There are hard, solid thinking and ongoing conversations going on in our ranks concerning the subject of Black trans womanhood and where we fit in the overall scheme of things. While some of us get this point, some of our trans sisters have been slow to realize this and it needs to be stressed in Black trans world.
One of the things we must burn into our brains before we swallow those first estrogen pills or take our first shots is that Black womanhood comes with a legacy of struggle, history and pride we must do our utmost to live up to.
It's not about a silicone enhanced body, being estrogen based lifeforms, over the top hypersexualized people, legendary ballroom divas, elegant pageant queens or getting SRS, it's living our lives and interacting with the world as African-American women standing tall and having pride in that legacy.
I want our cis African-American sisters to know that as proud New Black Transwomen, we have our own ongoing history of struggle and a renewed interest in discovering, telling and sharing our own sense of who we are. We recognize that legacy of struggle that cis Black women have endured and are working hard to be worthy of Black womanhood.
And as a Black trans community leader, I'm doing my part to role model what I'm preaching for mine and the next generation of trans women.

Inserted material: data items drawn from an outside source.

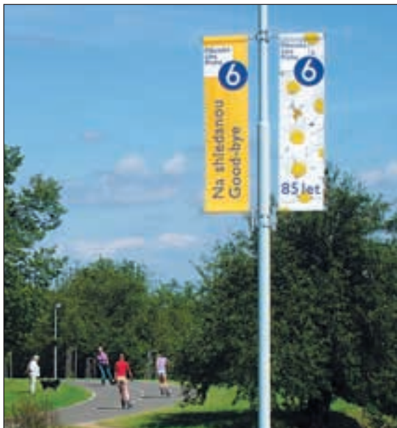
Cedule na hranicích Prahy 6 připomínají, že městská část letos slaví 85. výročí svého vzniku.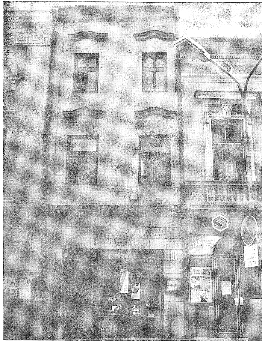
Dům čp. 19 před Dolním podloubím po renovaci. Fotografie M. Hlubinková 1988.

zaplatil. Jeho vdova Maruše Štemberská , zvaná pro rozlišení též Maruše Pavlíčka (ve městě bylo usedlých 6 rodin Štemberských), prodala r. 1587 stavebně vylepšený dům za 400 zl. měšťanu Lukáši Měchovskému . Ten jí složil hned závdavek 40 zl. a ročně měl dům splácet 10 zlatými dědicům Pavla Štemberského.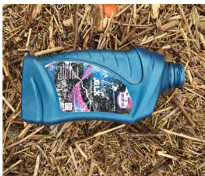
Motorolie verpakking ≤ 50 cm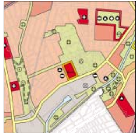
FNP Berlin (Stand Okt. 2000) 1:50.000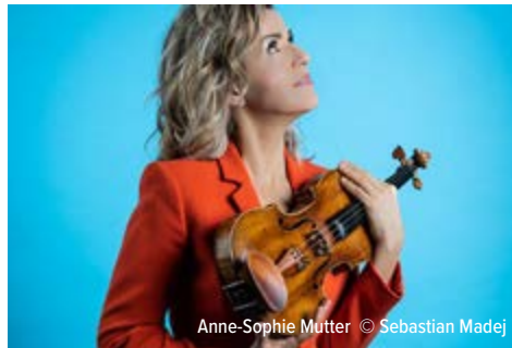
Anne-Sophie Mutter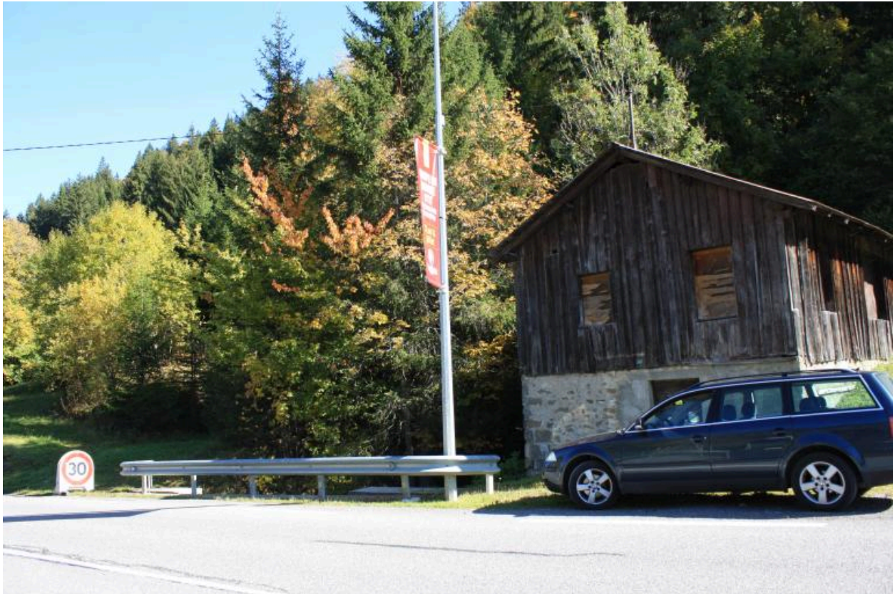
Pont du petit Nant, Contexte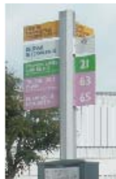
Option : Avec ailettes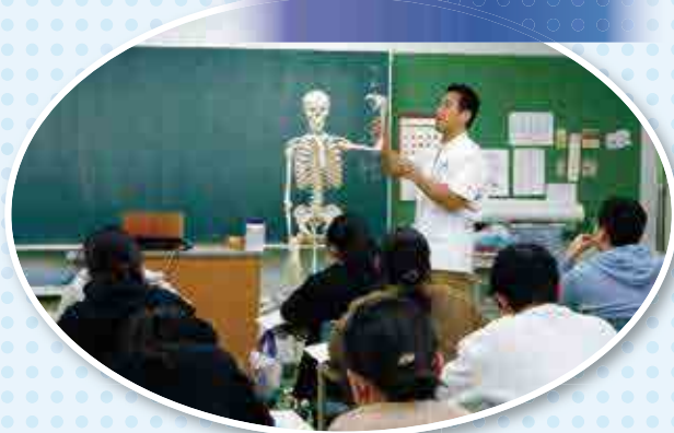
医師による解剖生理学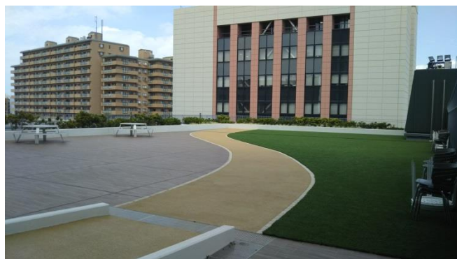
(3号館(種月館)5階「空のテラス」)

日程等、詳細が決定しましたら、各学部等事務室及びKONMAでお知らせいたします。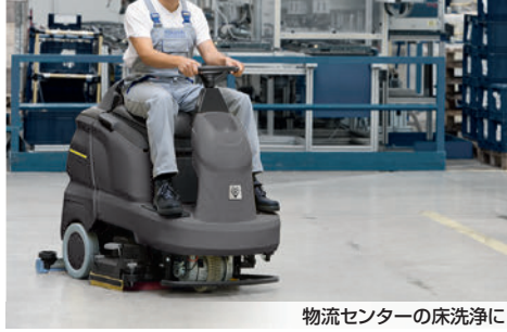
物流センターの床洗浄に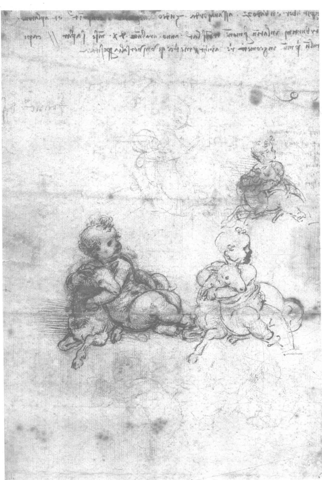
达·芬奇 抱着羊羔的儿童 21cm x 14.2cm 1503年

Each girl like us, just like her cis counterparts, has the option of choosing what type of woman she wishes to project to the world. The problem is that many of us have only been exposed to the hypersexualized girls like us and not ones who have chosen a different path of projecting Black trans womanhood to the world.
We Black girls like us as we attempt to project the type of woman we wish to be to the world have to grapple with and conquer shame, guilt and fear issues. We have to overcome a predominately negative media image, a lack of visible positive Black trans roles models and four centuries of negativity aimed at cis African descended women that affects how our femininity is judged.
We also have to be cognizant of the fact Black girls like us have our choices in terms of the type of woman we wish to project to the world and they will get harshly scrutinized and judged by the worst that we produce, not the best among us.
That choice of the type of women we project to the world comes with the pressure of knowing it can possibly can affect for good or ill whether our marginalized trans community gets human rights coverage. It's why I stress and repeatedly say like a mantra that Black trans women need to be compliments to Black womanhood and not considered detriments to it.
Some of the reservations of cis Black women concerning trans women aren't predominately faith based or harboring on jealousy, but hinge on in their minds their fear we transwomen aren't taking Black womanhood seriously enough. I submit that the faster we African descended girls like us slay those concerns and we are considered compliments to Black womanhood, the sooner that the cis Black feminine community will embrace their trans sisters.
Then again there will be always be a cadre of cis Black women that no matter what we do or become those finer specimens of womanhood that Sharon Davis asked us to become back in the late 80's, they're still gonna hate for whatever reason, so bump them.
We Black girls like us need to aim higher not only for ourselves, but for the cis women who are and do consider us their sisters, friends and allies.
And by doing so, it will result in us being better Black women of trans experience better able to navigate all the communities we intersect and interact with.